Now let’s test Kinetica’s SQL generation processes at work.  Here, you’ll be creating a workbook in Kinetica Workbench that accepts your natural-language questions, and produces SQL statements you should be able to use in the Kinetica database.  Here’s how to begin a new workbook:

  1. From the left pane of Kinetica Workbench, click Workbooks.
  2. From the Workbooks tab, point to the + button and from the dropdown, select Add New Workbook.  The Create Workbook panel will appear.
  3. Under Name, enter a unique name for the workbook.  This is not a database object, so it can have special characters, distinguished upper and lower case, and spaces.
  4. Under Description, enter something that describes the purposes of the workbook for your purposes.  This is not a description for a language model or for generative AI training; it’s just for you.

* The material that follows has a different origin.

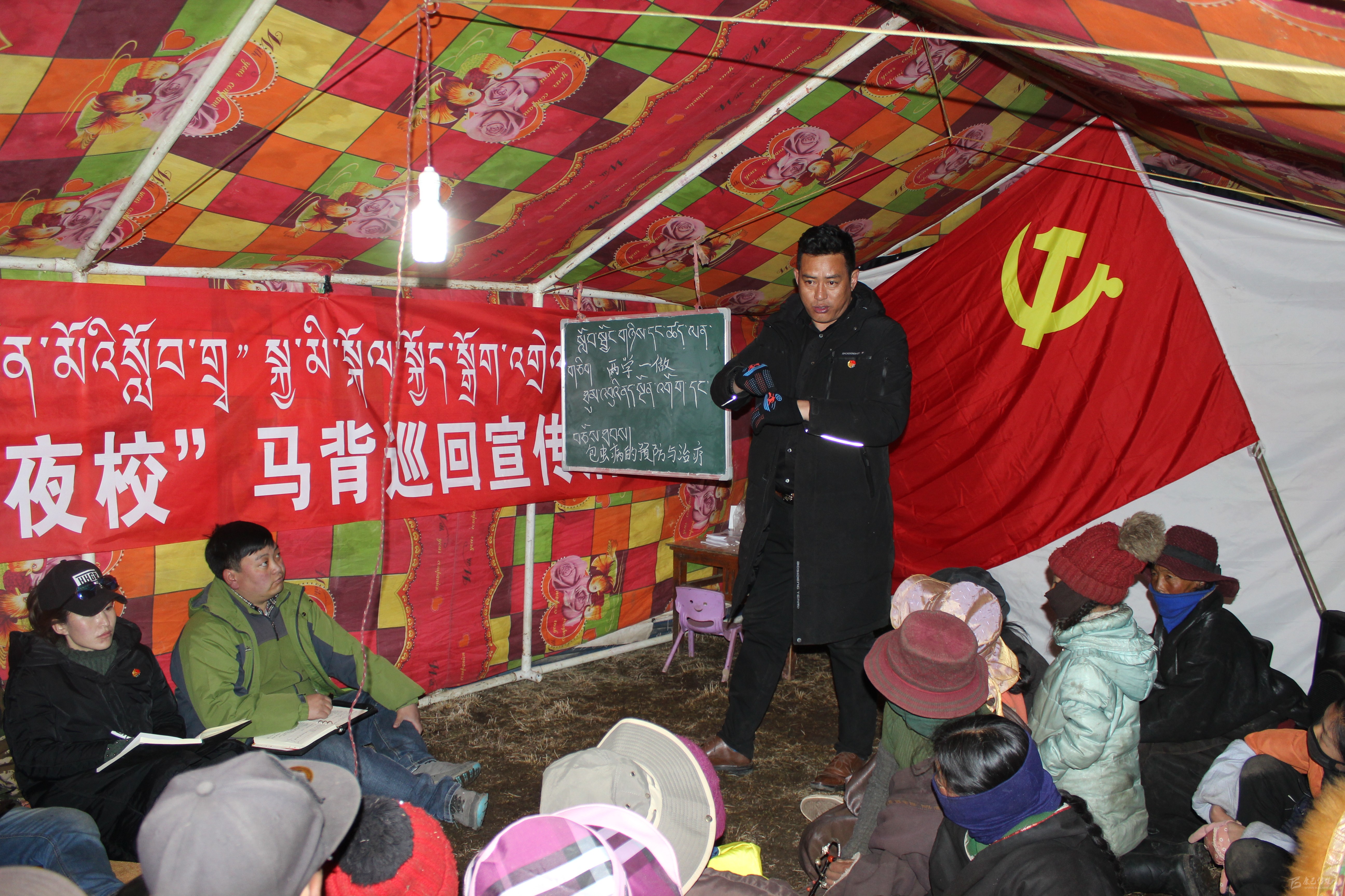宣講隊白天在海拔近5000米的蟲草采挖點宣講,晚上又組織蟲草采挖點的群眾開辦 “農(nóng)牧民帳篷夜校”, 將“農(nóng)牧民帳篷夜?!弊鳛椤皬娀鶎印娀A(chǔ)、聚人心、聚才智”的重要舉措,采用藏漢雙語宣講、現(xiàn)身說法、播放教育片等方式,向農(nóng)牧民群眾宣傳基層黨建、精準扶貧、包蟲病綜合防治、安全生產(chǎn)等,切實把“農(nóng)牧民帳篷夜校”辦成農(nóng)牧民快速提升能力的平臺,將課堂帶進帳篷,將知識帶上雪山。同時,該鎮(zhèn)還充分利用現(xiàn)代信息手段,整合有效資源,建立色須鎮(zhèn)“農(nóng)牧民帳篷夜?!蔽⑿耪n堂。按照“以點帶面、以面蓋片”的傳播方式,向廣大農(nóng)牧民群眾及時宣講各項惠民惠農(nóng)政策。
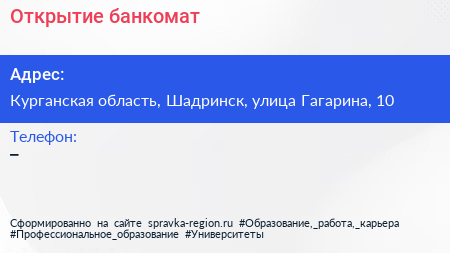 Открытие, банкомат по адресу Курганская область, Шадринск, улица Гагарина, 10 в дальнейшем Организация, размещена в следующих категориях:

  5. Click Create to generate the workbook.  It will soon appear in the Workbench window, and the first worksheet, named Sheet 1, will already have been generated.
  6. In the field at the top of the panel marked with a light bulb, enter a natural-language question to which you’d like the database to be able to respond.  You don’t need to include any extra syntax, such as quotation marks or SQL reserved words.  Just type a question as though you were entering it into an AI chat window, then click Generate SQL.  The Workbench will respond with a warning and the Context Configuration panel.
  7. The warning you will see indicates that Kinetica has not yet attached a context to the question you’ve posed.  From the panel that appears, in the left-side list, check the box beside the name of the context you created earlier.  Then click the > button so that it appears in the right-side list.  Then click Update.
  8. After the panel disappears, click Generate SQL again.  In a few moments, Kinetica will respond with a SQL statement.  Its first line will be a comment containing the text of the question you posed.
  9. To test this query on the data you’ve generated is to click the round > (Play) button to the upper left of the new query.  In a very brief moment, Kinetica should respond with a view of data queried from the table or tables you imported.

It’s fair to say at this point, especially at the first go, that Kinetica may respond with something else: perhaps an error, or maybe data that does not actually resolve the criteria.  Artificially intelligent inferencing is not a perfect process.  However, you can improve the efficiency of the results by adding information to your context and trying again.  It may take a few runs to get the correct results.  Keep in mind, as you’re doing this, that the minutes you’re spending improving the language model’s ability to ascertain what your language is trying to say, equate to days and even weeks of work in a conventional ETL project, where engineers work to make databases more responsive to dashboards and ad-hoc queries in real time.